* _Activity_: In the data below, find the line with "Újra az arénában, a" and the line with "Avdelingsfanen vår ble", then restate both and every line between them exactly, minus the pictures.

* _Records excerpted from a collection_:
• • • • •

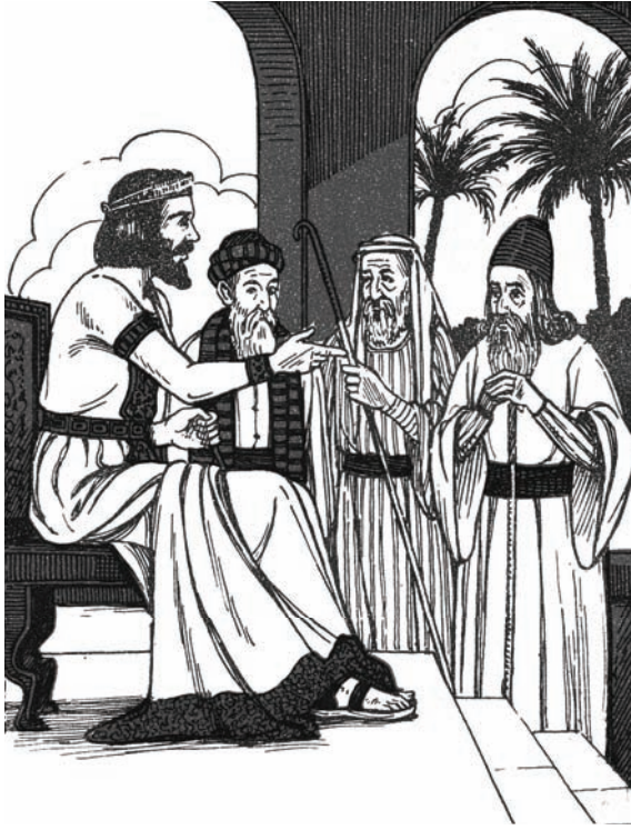
الْمَلِكُ يُقْضِ رُؤْيَاهُ، وَالْعُرَفَاءُ أَمَامَهُ يَسْتَمِعُونَ.

أَنْ تُشِيرُوا عَلَيَّ بِمَا يَجْتَمِعُ عَلَيْهِ رَأْيِكُمْ، إِنْقَادًا لِبَلَدِنَا. لَا يَنْبَغِي أَنْ نَقِفَ مَكْتُوفِي الْأَيْدِي إِزَاءَ ذَلِكَ، فَتَسُوءَ حَالُنَا.» أَقْبَلَ جُلَسَاءَ الْحَاكِمِ عَلَى كَبِيرِ الْعُرَفَاءِ يَتَشَاوَرُونَ مَعَهُ فِي الْأَمْرِ. قَرَّ رَأْيُهُمْ عَلَى أَنْ يَأْمُرَ الْحَاكِمُ بِنَاءِ مَخْرَنٍ كَبِيرٍ عَلَى الْفُؤْرِ. فِي هَذَا الْمَخْرَنِ يُدْخَرُ كُلُّ عَامٍ نِصْفُ مَا تُنْتَبِئُ الْحُقُولُ. يَسْتَمِرُّ ذَلِكَ خِلَالَ السَّنَوَاتِ السَّبْعِ، الَّتِي هِيَ سَنَوَاتُ الرَّخَاءِ. هَذَا الْمَدَّخَرُ يَبْقَى زَادًا يَنْقَوْتُ بِهِ الشَّعْبُ، خِلَالَ الْأَعْوَامِ الشَّدَادِ. لَمْ يَلْبِثِ الْحَاكِمُ أَنْ أَقَرَّ
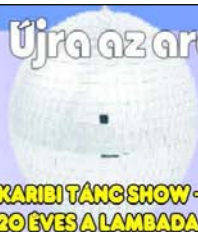
KARIBI TÁNC SHOW - 20 ÉVES A LAMBADA

Újra az arénában, a 70-es, 80-as évek zenéivel!
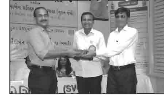
શ્રી ઘાણીથર શ્વેતામ્બર મૂર્તીપૂજક જૈન સંઘ
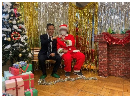
12月18日 幸児童館 クリくるパーティ
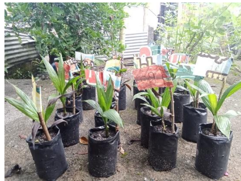
Gambar 14. Foto tanaman dari samping kiri
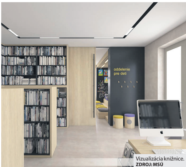
Vizualizácia knižnice.

Aj keď sa výška dotácie v porovnaní s predchádzajúcim rokom nezmenila, stále dokáže pokryť všetky náklady spojené s poskytovaním
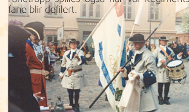
Avdelingsfanen vår ble avduket på torget i Festningsbyen under KK 30. mai 1997.

I felten hadde fanebæreren et stående krav om at hvis retrett var umulig, skulle han rulle seg inn i fanen for å beskytte den med sitt liv . Fane, trommer, pauker og signalhorn var trofeer for den seirende part i en strid. Fanetropp fremførte vi første gang da avdelingsfanen ble avduket og overlevert avdelingen under "1704 Kongen Kommer!" arrangementet på torget i Festningsbyen 30. mai 1997 . Avdelingsfanen er laget av Oberofiser Carl Henrik Amundsen 1997. Fanetropp spilles også når vår Regimentsfane blir defilert.
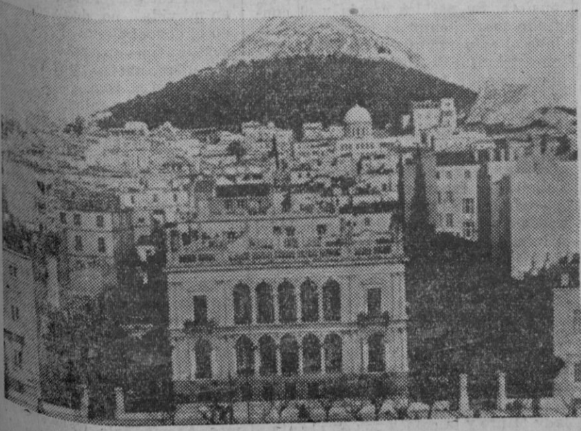
Una vista general de Atenas, sobre la que actualmente se concentra la atención mundial.
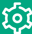
Energianvändning (kWh/kvm A temp )

Energieffektivisering och minskad energianvändning är viktiga verktyg för att reducera de koldioxidutsläpp som våra fastigheter ger upphov till, och därmed minska vår klimatpåverkan.
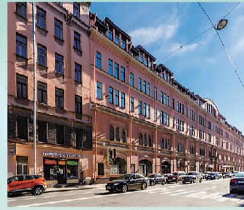
俄罗斯青岛工商中心
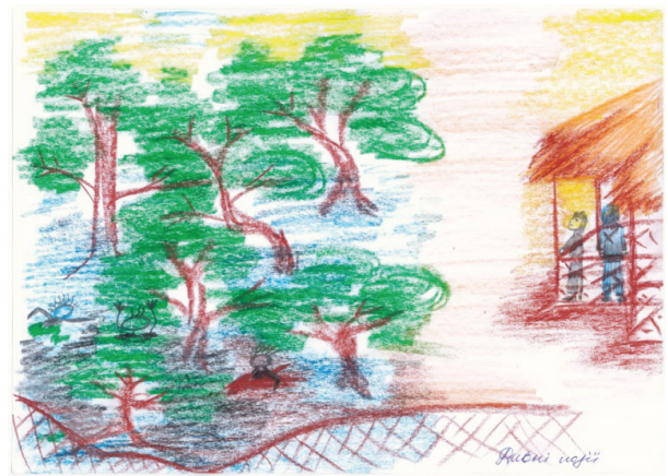
Рис. 3. «Дивні події»

П.: Наступний малюнок «Дивні події» (див. рис. 3).
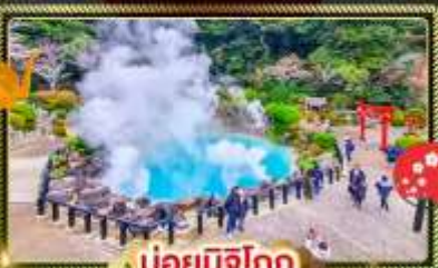
♨️ บ่อยุมิจิโกกุ
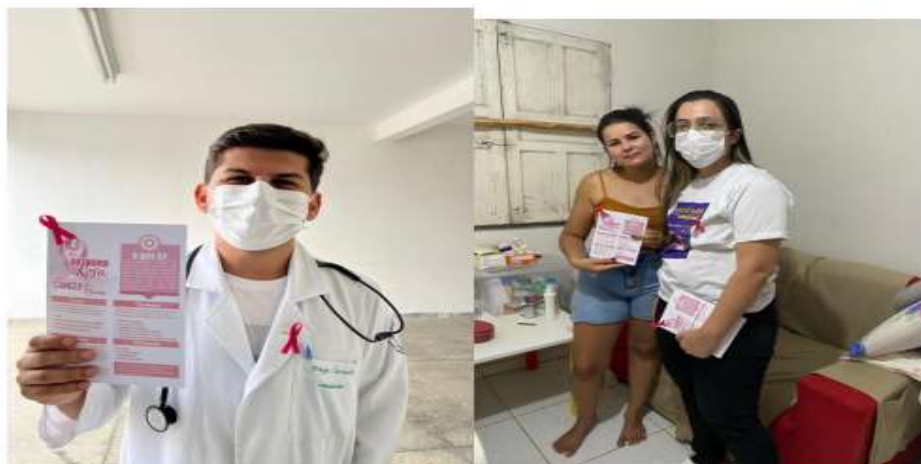
Novembro Azul – Ação de conscientização para prevenção e diagnóstico do câncer de próstata
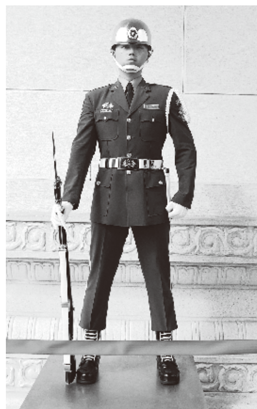
瞬きひとつせず立つ門番

重みと台湾人の気骨を感じさせられる。改めて戦いの中で生まれた歴史を肌で感じ取れるスポットだ。主にバスで訪問する観光客は多いが、正面のスペースに駐車する時間が決められていて、時間経過とともに警察の取り締まりも厳しい。限られた時間を厳粛な気持ちで礼拝したいスポットだ。アクセスは地下鉄劍潭駅から約1.5キロ徒歩で15分程度。圓山駅から大直駅からも行く事は可能だ。
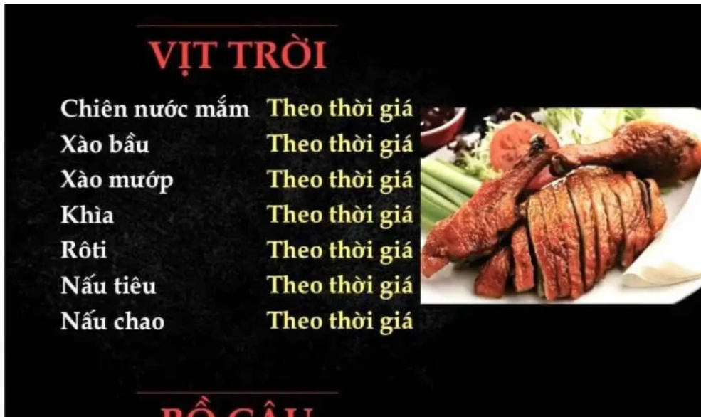
Diem tham quan tranh thuc don
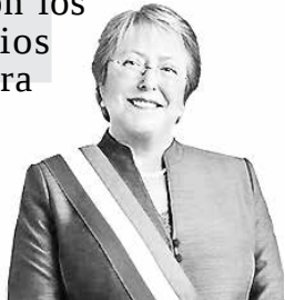
Michelle Bachelet, presidenta de la República.

"Quiero destacar la manera ejemplar como reaccionaron las comunidades afectadas, los alcaldes, los organismos regionales y también los organismos técnicos. Las personas evacuaron el borde costero con orden, con tranquilidad, tomaron los resguardos necesarios y actuaron de manera responsable".
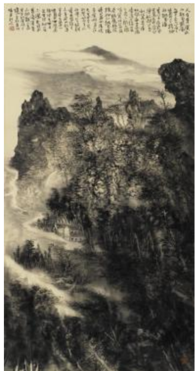
家住苕溪 136cm×68cm 2011年
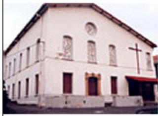
K4 /P2.- BETARRAMITAK
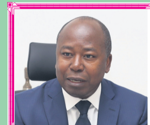
M. Alain Claude BILIE BY NZE

MINISTRE D'ETAT, MINISTRE DES SPORTS ET DE LA CULTURE, CHARGE DU TOURISME:
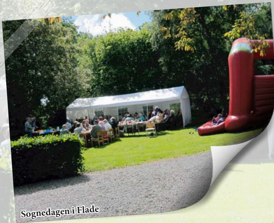
Sogndagen i Flade
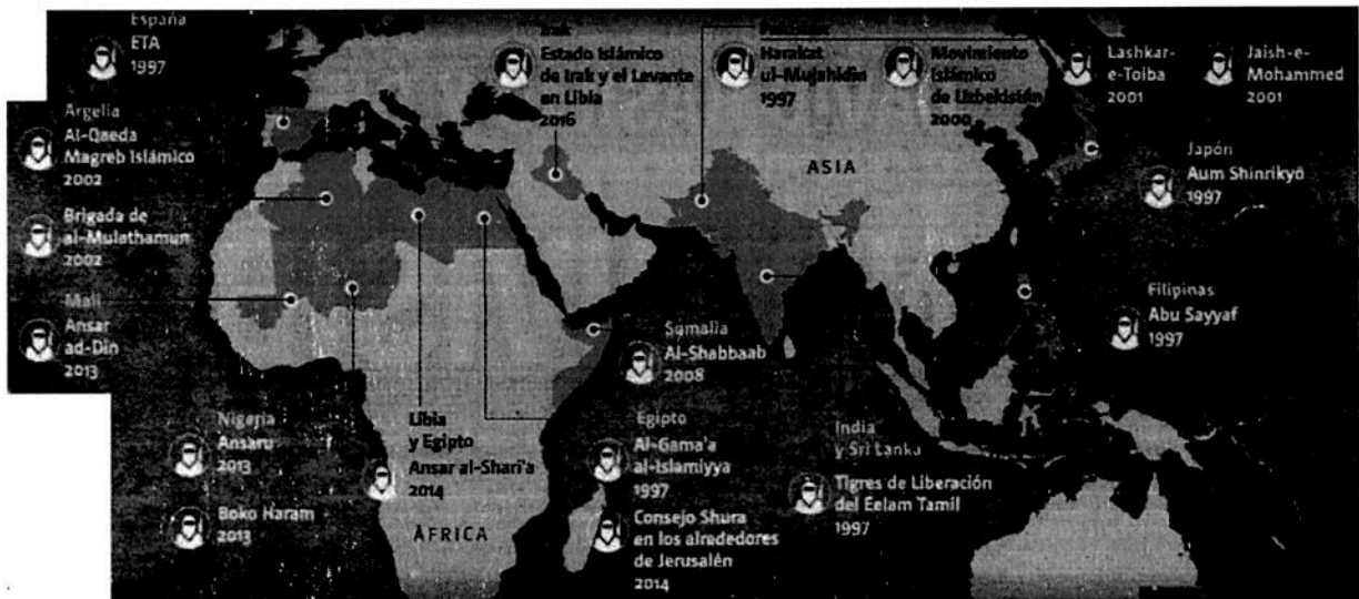
Mapa de grupos terroristas en el mundo. Fuente: Global Terrorism Index 2018. El mapa muestra la ubicación geográfica de los grupos terroristas más activos en el mundo durante el período 2015-2017.
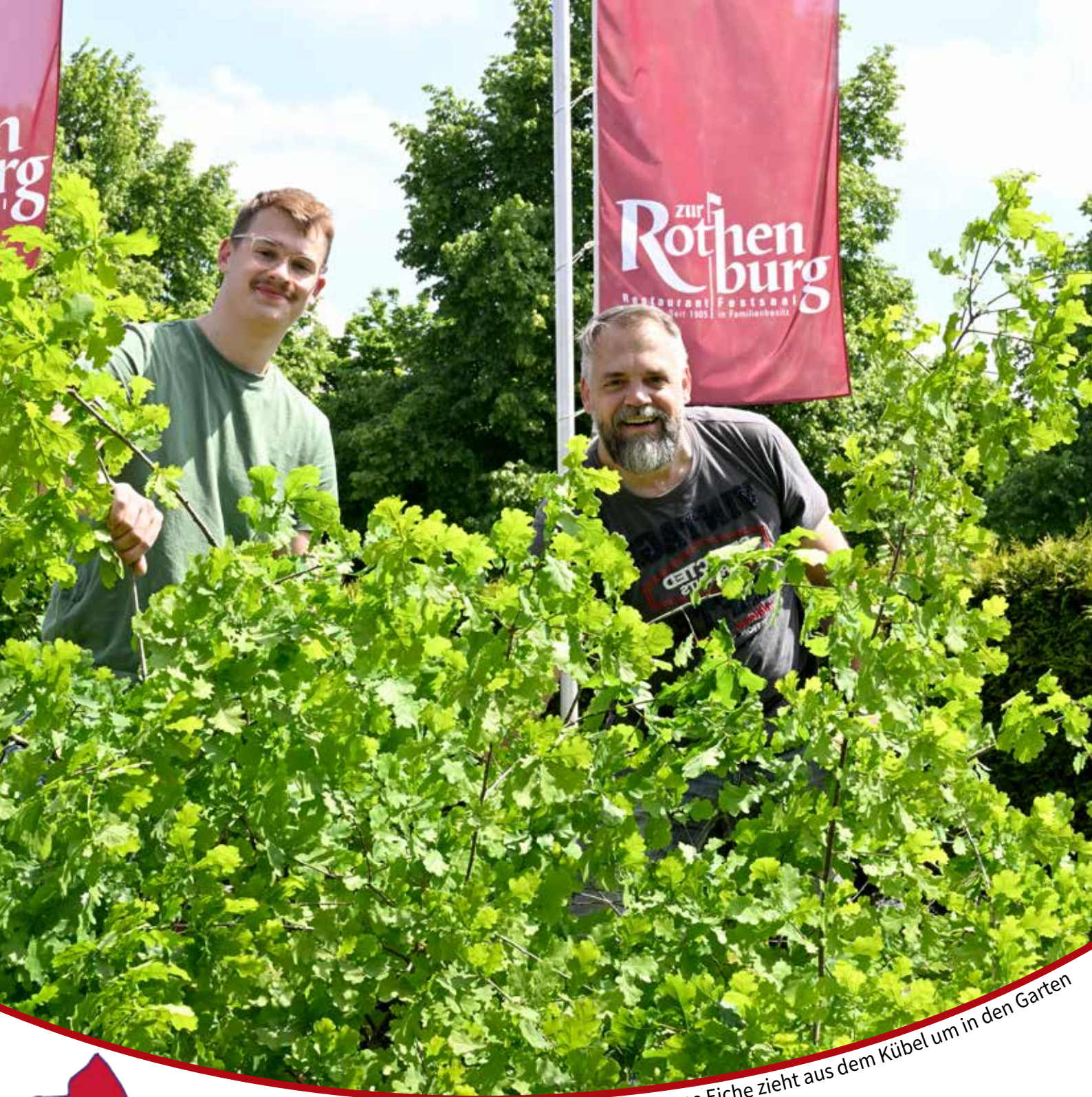
Die selbst gezogene Eiche zieht aus dem Kübel um in den Garten
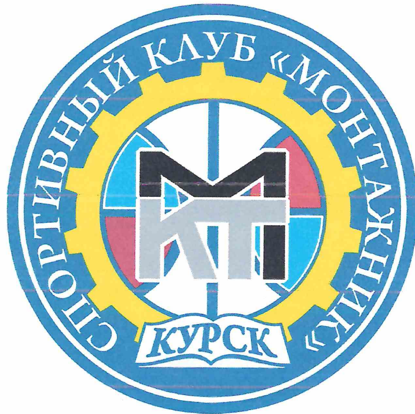
Рис.2 Флаг спортивного клуба «Монтажник» ОБПОУ «КМТ»
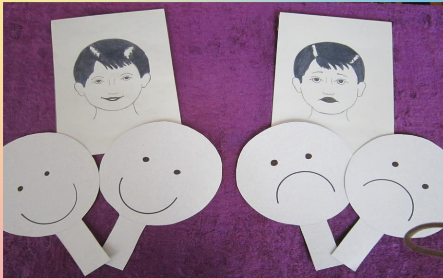
Настроение в музыке - пиктограммы (карточки для всей группы)
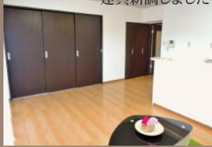
建具新調しました
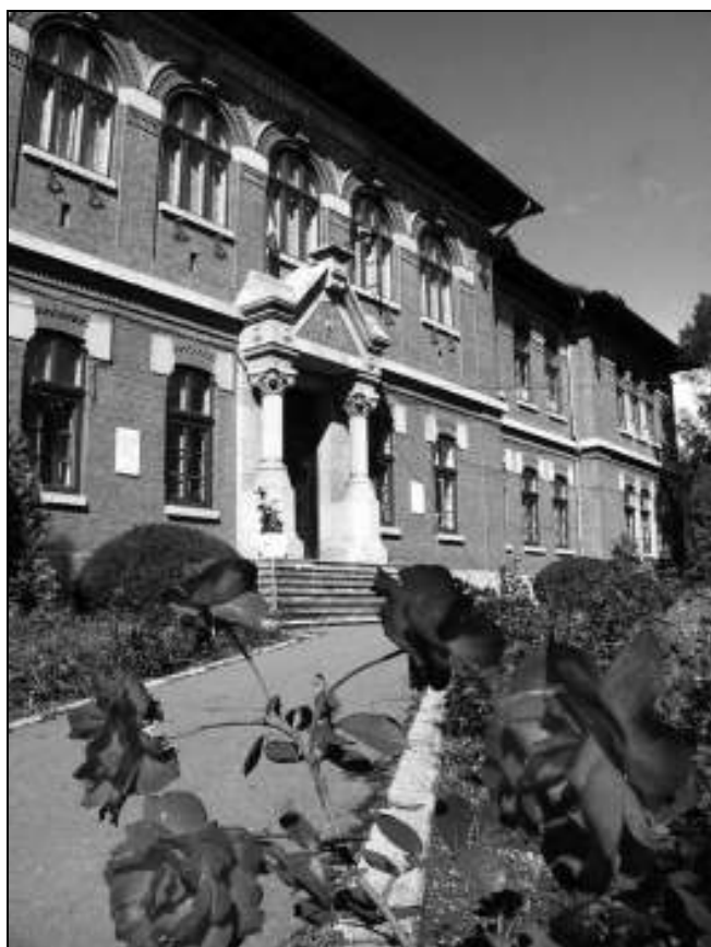
Colegiul Național „I.C. Brătianu”

• • • • •

* _Answer section_:
Újra az arénában, a 70-es, 80-as évek zenéivel!
શ્રી ઘાણીથર શ્વેતામ્બર મૂર્તીપૂજક જૈન સંઘ
12月18日 幸児童館 クリくるパーティ
Gambar 14. Foto tanaman dari samping kiri
Vizualizácia knižnice.

Aj keď sa výška dotácie v porovnaní s predchádzajúcim rokom nezmenila, stále dokáže pokryť všetky náklady spojené s poskytovaním
Avdelingsfanen vår ble avduket på torget i Festningsbyen under KK 30. mai 1997.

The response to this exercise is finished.